A Casa da Moeda do Brasil foi Fundada em 08 de março de 1694, acumulando mais de 300 anos de existência. Foi criada no Brasil Colônia pelos governantes portugueses para fabricar moedas com o ouro proveniente das minerações. Na época a extração de ouro era muito expressiva no Brasil e o crescimento do comércio começava a causar um caos monetário devido à falta de um suprimento local de moedas.

A Casa da Moeda foi transferida para o Rio de Janeiro em 1698, em obediência à Carta Régia de 12 de janeiro desse ano. Em 1700 foi novamente removida, desta vez para Pernambuco, mas em 1702 estava de volta ao Rio de Janeiro.

Até os dias atuais, quase três séculos decorridos, a Casa da Moeda ainda está na "cidade maravilhosa", conservando o mesmo nome e as mesmas atribuições. Em 1698, a Casa da Moeda, vinda da Bahia por mar, com seu pessoal e ferramentas, foi instalada na rua Direita, atual Primeiro de Março, no prédio dos armazéns da Junta de Comércio, nas proximidades da ladeira de São Bento. Ao voltar de Pernambuco, em 1702, novamente se instalou no mesmo local.

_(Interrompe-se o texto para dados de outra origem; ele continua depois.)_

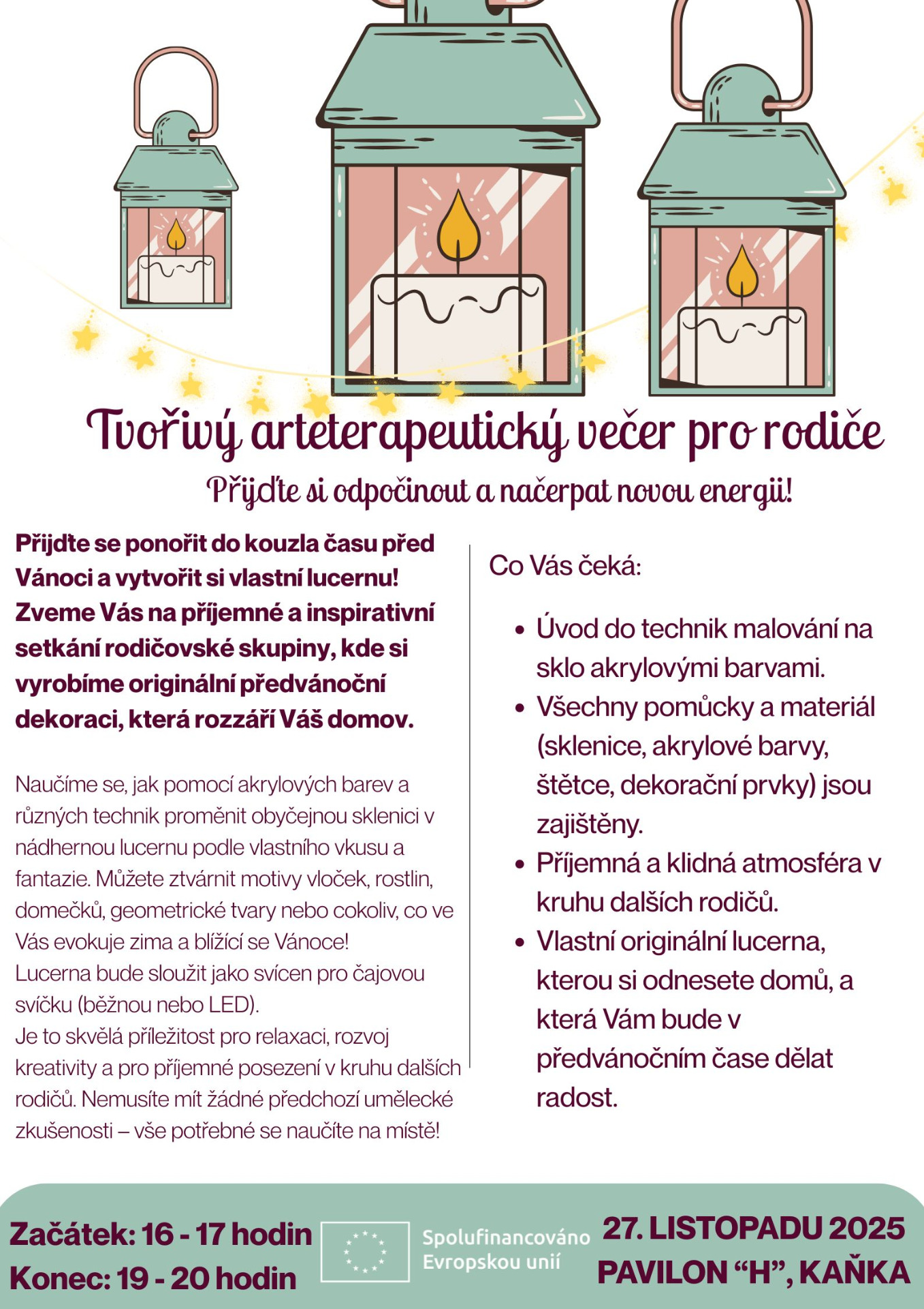 srdečně Vás zveme na dva tvořivé večery rodičovské skupiny dětí z Centra Kaňka. Aktivitu spolufinancuje jako podporu pečujících Evropská unie v rámci projektu "Rozvoj neformální péče o klienty Centra Kaňka".
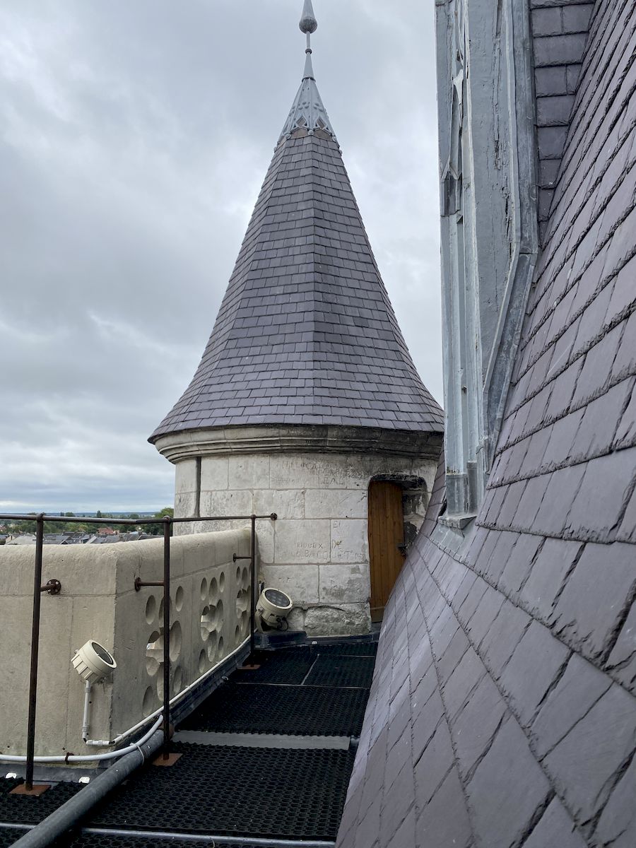 Le chemin de ronde : on y accède par un escalier de pierre, nous apercevons ainsi la toiture en ardoise et bénéficions d’une vue de 360° :

Sua letra monetária era "R". Junto com a Casa da Moeda, usando seu pessoal e instalações, estabeleceu-se, em 1703, uma Casa dos Quintos, para arrecadar o tributo daqueles que não quisessem trocar seu ouro por moedas. Tornando-se inadequadas as dimensões do prédio da Junta do Comércio, a casa da moeda transferiu-se para duas casas dos frades carmelitas, no Terreiro do Carmo, hoje Praça XV. Isso ocorreu por volta de 1707. Nas invasões francesas, a casa da moeda foi afetada de formas diversas. Em 1710, travou-se nas suas proximidades a principal batalha; vencidos os invasores, parte dos prisioneiros foi recolhida à cadeia existente na Casa da Moeda.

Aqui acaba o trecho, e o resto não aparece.